Shen Feiyan believes that medical communication based on the WeChat platform can effectively reverse the predicament faced by enterprises. It not only improves the return on investment (ROI) of pharmaceutical marketing by enhancing communication efficiency with physicians, but also provides doctors with a better user experience in the process. “Using WeChat for medical communication not only breaks through geographical limitations to achieve broader coverage, but is also more popular among users in terms of communication style—it offers greater immediacy than email and avoids the intrusiveness associated with phone calls. An increasing number of physicians have become accustomed to medical exchanges via WeChat,” he said.
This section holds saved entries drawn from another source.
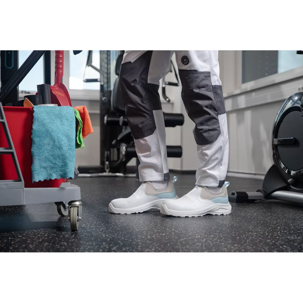 A fehér HYGOSAFE biztonsági lábbeliket fokozott higiéniai, tisztasági és kényelemi igényekkel bíró környezetekbe tervezték. A kettős sűrűségű PU/PU külső talp az NHP habszivacs sarokbetéttel érezhetően puhább lépést és fokozott kényelmet biztosít egész napos viselés közben. A víztaszító, mikroszálas PU műbőr és a neoprén egyedülálló kombinációja tartós, könnyen karbantartható felsőrészt hoz létre, amely tartósan megőrzi a rugalmasságot és a kényelmet. A szénszálakkal megerősített biztonsági lábujjvédő alacsony tömeget eredményez a védelem feláldozása nélkül. Az antibakteriális hálós bélés elősegíti a szellőzést és a kellemes belső klímát.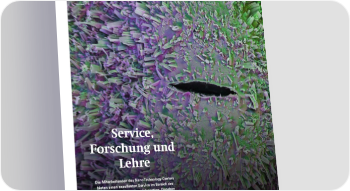 Service, Forschung und Lehre Die Mitarbeitenden des Nano Technology Centers bieten einen exzellenten Service im Bereich des Nanoimaging und der Nanofabrikation. Daneben sind sie an Forschungsprojekten beteiligt und bilden junge Nachwuchswissenschaftler:innen aus. Dieses Bild von der Oberfläche des Federkohls entstand im Rahmen eines Blockkurses für Studierende der Nanowissenschaften. Natalie Walser hat es für den Nano Image Award Wettbewerb 2024 eingereicht. 48 SNI-Jahresbericht 2024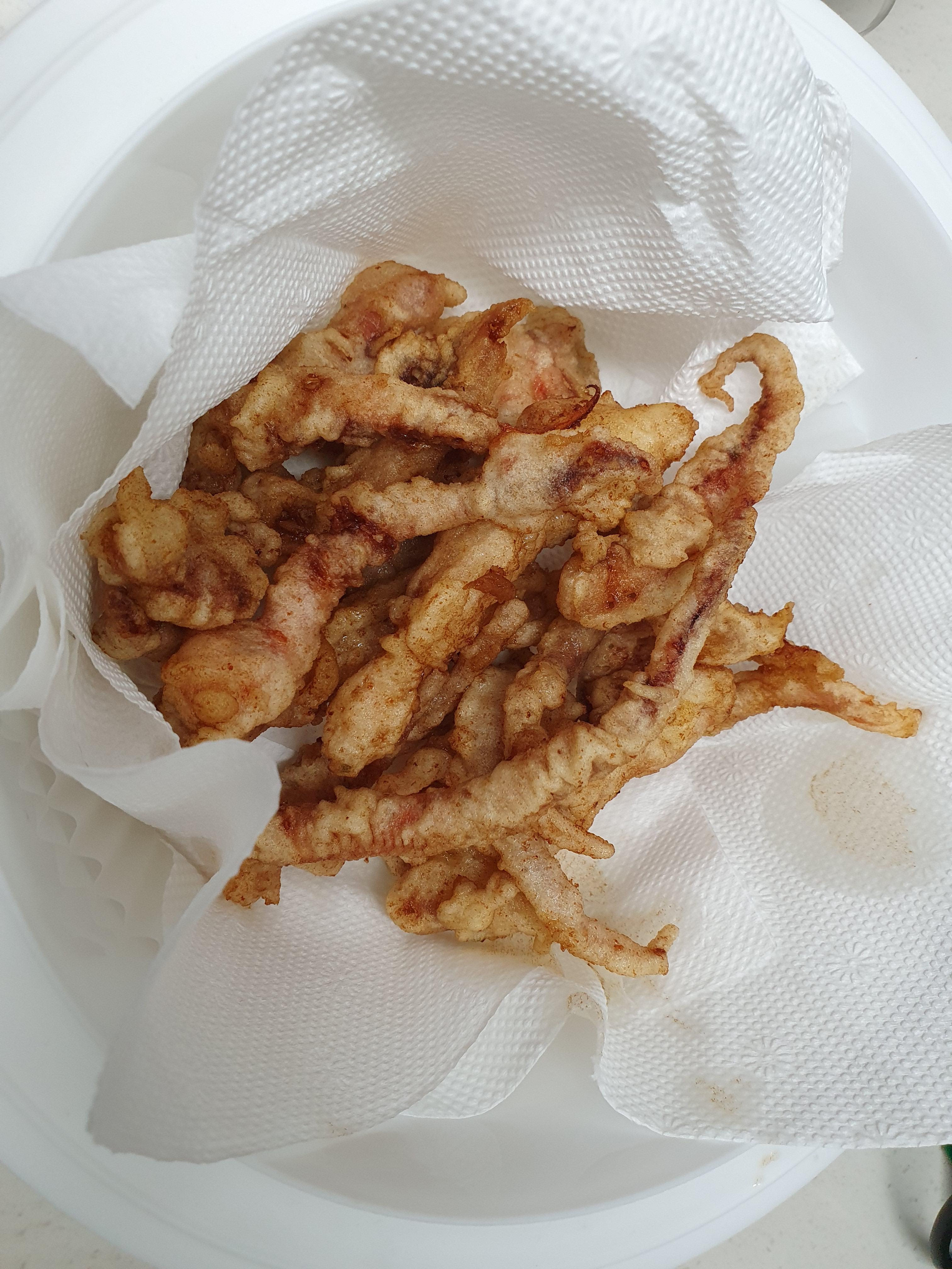 이번에는 오징어를 튀겨 볼까요? 단, 오징어는 계란옷을 입히지 않습니다.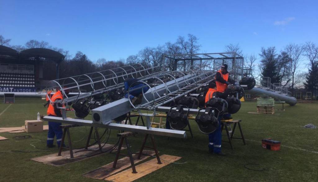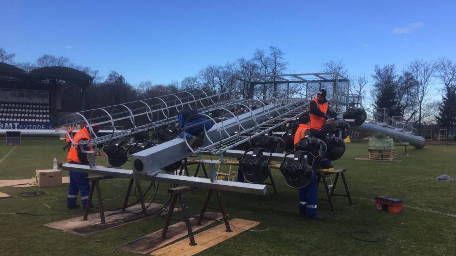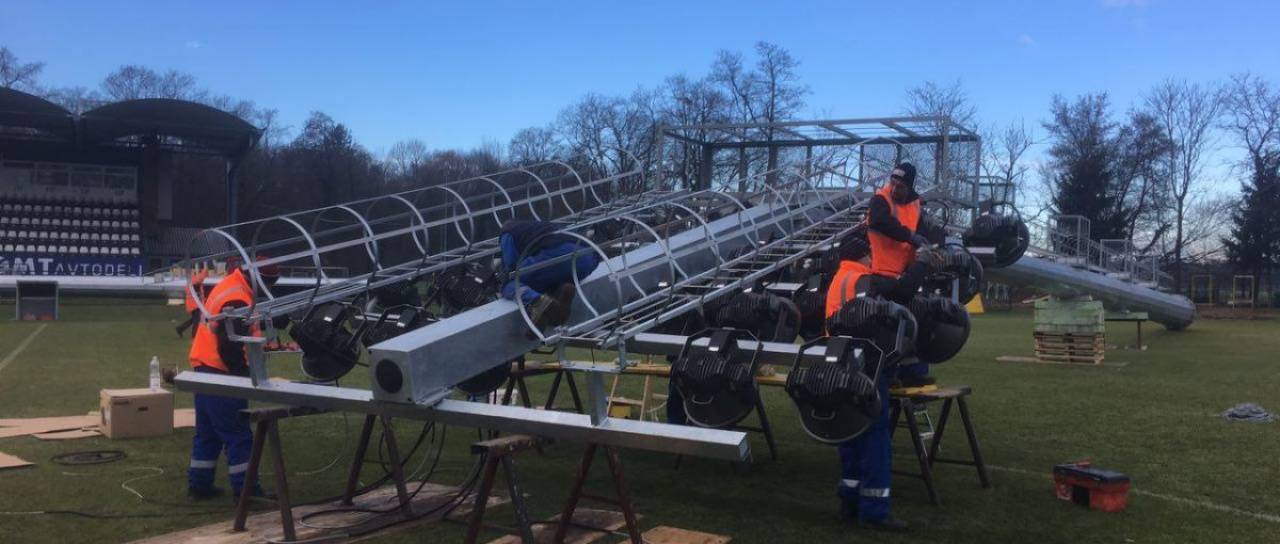 Reflektorji na Fazaneriji in tekme v večernem terminu bodo naposled postale realnost. Prvi od štirih reflektorjev na Fazaneriji že stoji.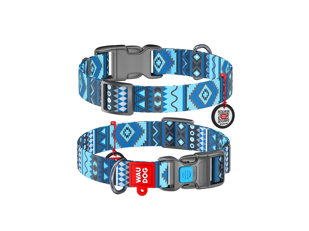 Obojek nylonový Waudog Ethno Blue QR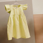 Vestido Toya, corto con escote redondo y mangas con boleros, perfecto para llenar de comodidad y delicadeza los momentos especiales de las más pequeñas de la casa. Sistema de cierre con tirantes en la espalda que facilitan el momento de vestir.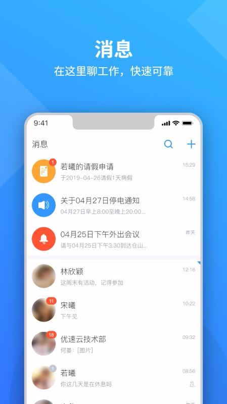 优速云是一个智能移动办公平台,帮助企业实现在线办公,相应的提供的办公功能多样,比如消息沟通、移动考勤、移动审批、任务分配、周报等,类型多,形式也丰富,可以让企业在线更好的进行协同办公;所以用户只要将该软件下载在手机中,就可以搜索企业组织进行加入,并便捷的获得企业发布的通知公告;相应的该软件也提供了PC端,用户也可以在电脑端使用该软件,登录同一个账号后,所有数据和信息同步展示,也满足了多样化的使用场景;因此,想要便捷办公和通讯的用户,就可以通过该软件进行实现,而移动办公更加便捷。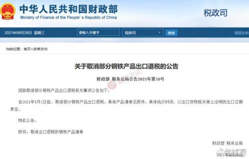 税率的调整只是影响了出口成本,既不影响供应也不影响需求。然而螺纹、热卷的价格由供需关系决定,而不是成本。因此出口退税的影响仅仅体现在短期情绪上,过几天就像风一样吹过。出口退税政策的出台,一为了尽可能留下铁元素在国内,二来转移铁矿等大宗商品的输入型通胀。

When discussing how to integrate pharmaceutical companies’ product information with clinical academic content, Shen Feiyan stated, “Stay true to the original mission, and you will achieve your ultimate goal. The medical community’s objective is to benefit patients through medical communication. Therefore, product education information disseminated via medical platforms must be patient-centric, objective, and compliant; such information also serves as a supplementary knowledge resource for physicians’ clinical learning.” In his view, the mission of the medical community is to “create a barrier-free space for medical exchange,” employing innovative communication methods to help patients acquire accurate disease knowledge and diagnostic and treatment solutions, while assisting enterprises and physicians in identifying appropriate patients for service provision and standardized disease education. These two objectives are not contradictory.